Regression analysis


In statistical modeling, regression analysis is a vintage of statistical processes for estimating a relationships between the dependent variable often called the 'outcome' or 'response' variable, or a 'label' in machine learning parlance and one or more independent variables often called 'predictors', 'covariates', 'explanatory variables' or 'features'. The near common gain of regression analysis is linear regression, in which one finds the bracket or a more complex linear combination that most closely fits the data according to a particular mathematical criterion. For example, the method of ordinary least squares computes the unique line or hyperplane that minimizes the written of squared differences between the true data as living as that line or hyperplane. For specific mathematical reasons see linear regression, this allowed the researcher to estimate the conditional expectation or population average value of the dependent variable when the independent variables make on a given set of values. Less common forms of regression usage slightly different procedures to estimate pick location parameters e.g., quantile regression or Necessary condition Analysis or estimate the conditional expectation across a broader collection of non-linear models e.g., nonparametric regression.

Regression analysis is primarily used for two conceptually distinct purposes.

First, regression analysis is widely used for prediction and forecasting, where its use has substantial overlap with the field of machine learning.

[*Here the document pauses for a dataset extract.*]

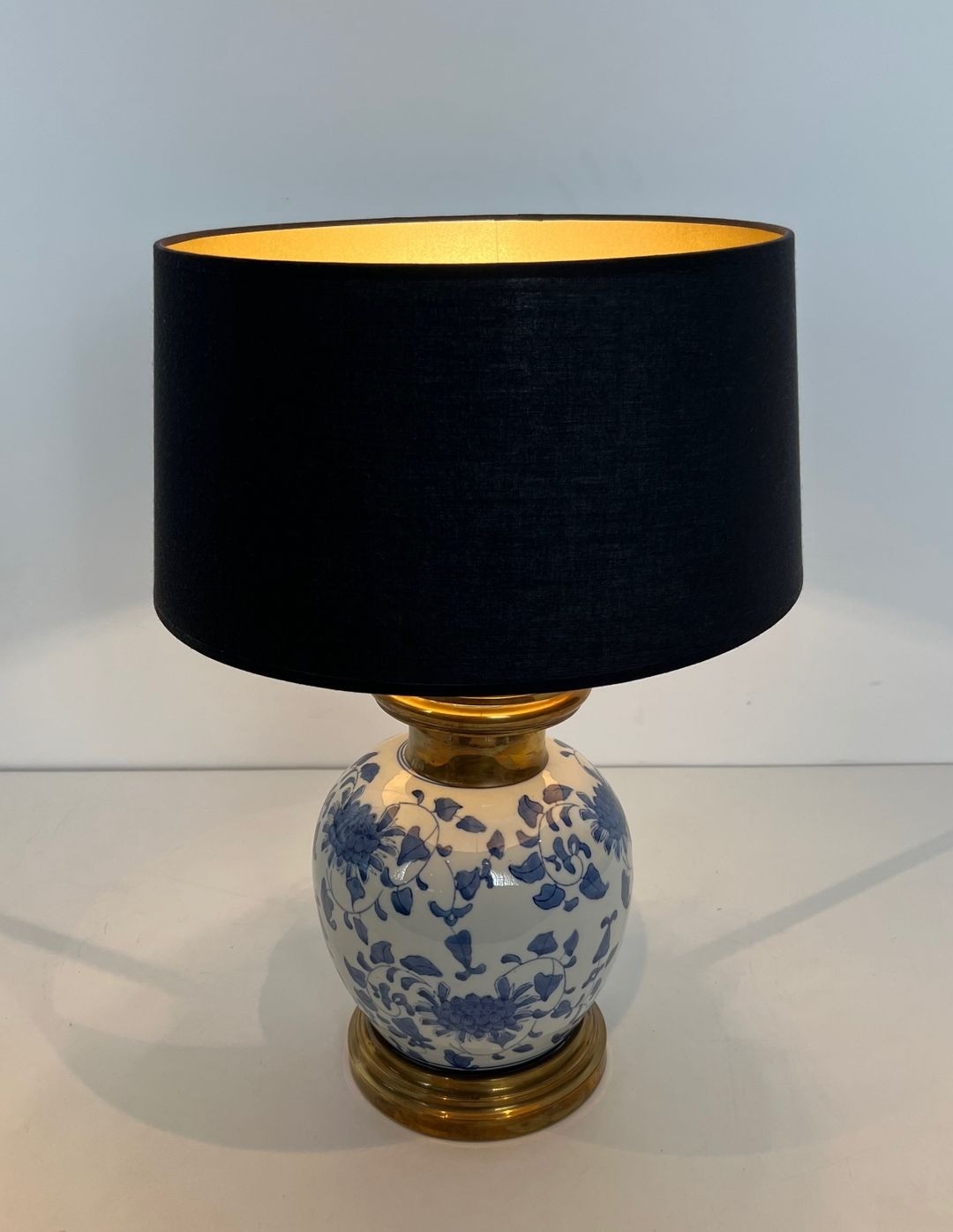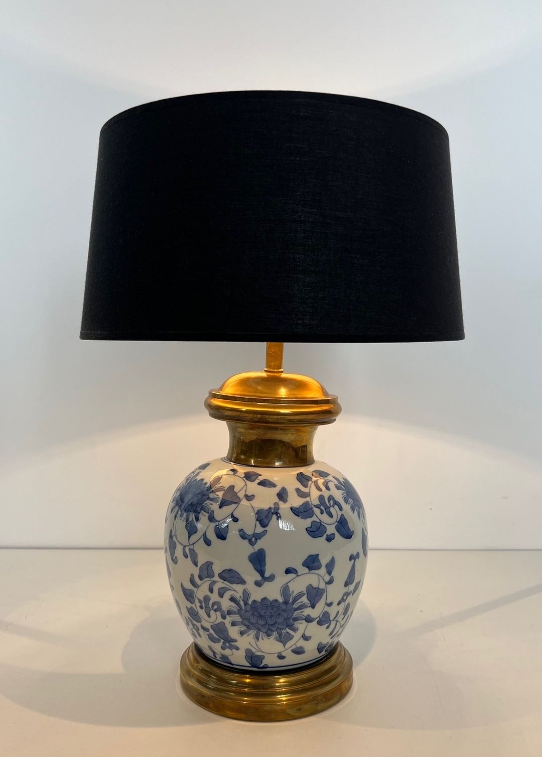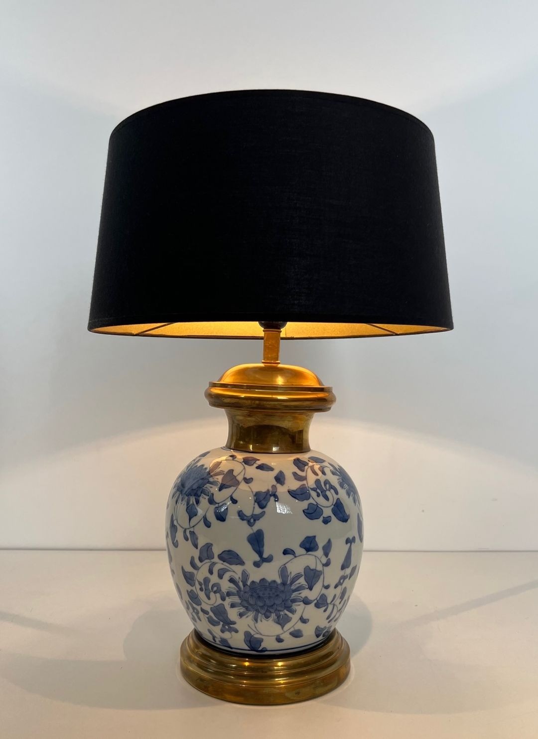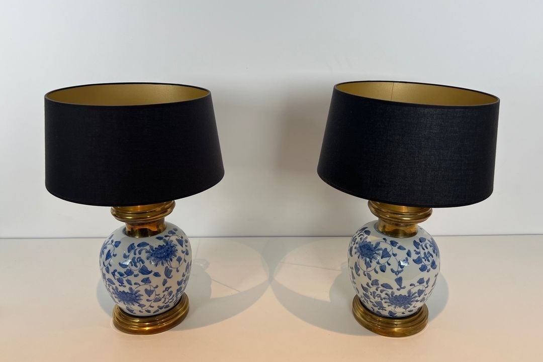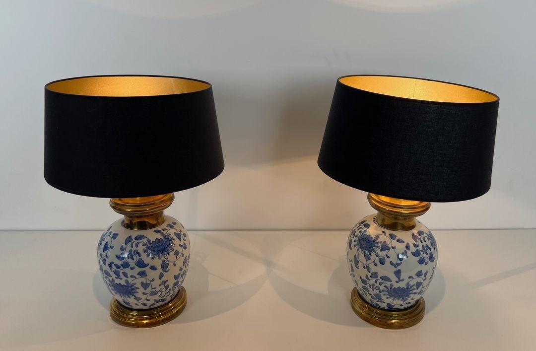 This elegant pair of table lamps combines blue and white porcelain bodies, decorated in the chinoiserie manner, with brass mounts of refined simplicity. Each lamp rises to fifty-nine centimetres — a generous scale for a pair — with the porcelain bodies occupying the dominant register of the composition and the brass fittings providing a warm metallic counterpoint. The blue and white palette, with its reserves of foliate and figurative motifs drawn from the Chinese decorative repertoire, brings a note of refined exoticism that has been prized in European interiors since the seventeenth century.

Second, in some situations regression analysis can be used to infer causal relationships between the self-employed person and dependent variables. Importantly, regressions by themselves only reveal relationships between a dependent variable and a collection of self-employed person variables in a fixed dataset. To use regressions for prediction or to infer causal relationships, respectively, a researcher must carefully justify why existing relationships have predictive energy for a new context or why a relationship between two variables has a causal interpretation. The latter is particularly important when researchers hope to estimate causal relationships using observational data.

History


The earliest form of regression was the method of least squares, which was published by Legendre in 1805, and by Gauss in 1809. Legendre and Gauss both applied the method to the problem of determining, from astronomical observations, the orbits of bodies about the Sun mostly comets, but also later the then newly discovered minor planets. Gauss published a further development of the belief of least squares in 1821, including a representation of the Gauss–Markov theorem.

The term "regression" was coined by Francis Galton in the 19th century to describe a biological phenomenon. The phenomenon was that the heights of descendants of tall ancestors tend to regress down towards a normal average a phenomenon also call as regression toward the mean. For Galton, regression had only this biological meaning, but his work was later extended by Udny Yule and Karl Pearson to a more general statistical context. In the work of Yule and Pearson, the joint distribution of the response and explanatory variables is assumed to be Gaussian. This assumption was weakened by R.A. Fisher in his works of 1922 and 1925. Fisher assumed that the conditional distribution of the response variable is Gaussian, but the joint distribution need non be. In this respect, Fisher's assumption is closer to Gauss's formulation of 1821.

In the 1950s and 1960s, economists used electromechanical desk "calculators" to calculate regressions. ago 1970, it sometimes took up to 24 hours to receive the a thing that is said from one regression.

Regression methods come on to be an area of active research. In recent decades, new methods have been developed for robust regression, regression involving correlated responses such(a) as time series and growth curves, regression in which the predictor independent variable or response variables are curves, images, graphs, or other complex data objects, regression methods accommodating various types of missing data, nonparametric regression, Bayesian methods for regression, regression in which the predictor variables are measured with error, regression with more predictor variables than observations, and causal inference with regression.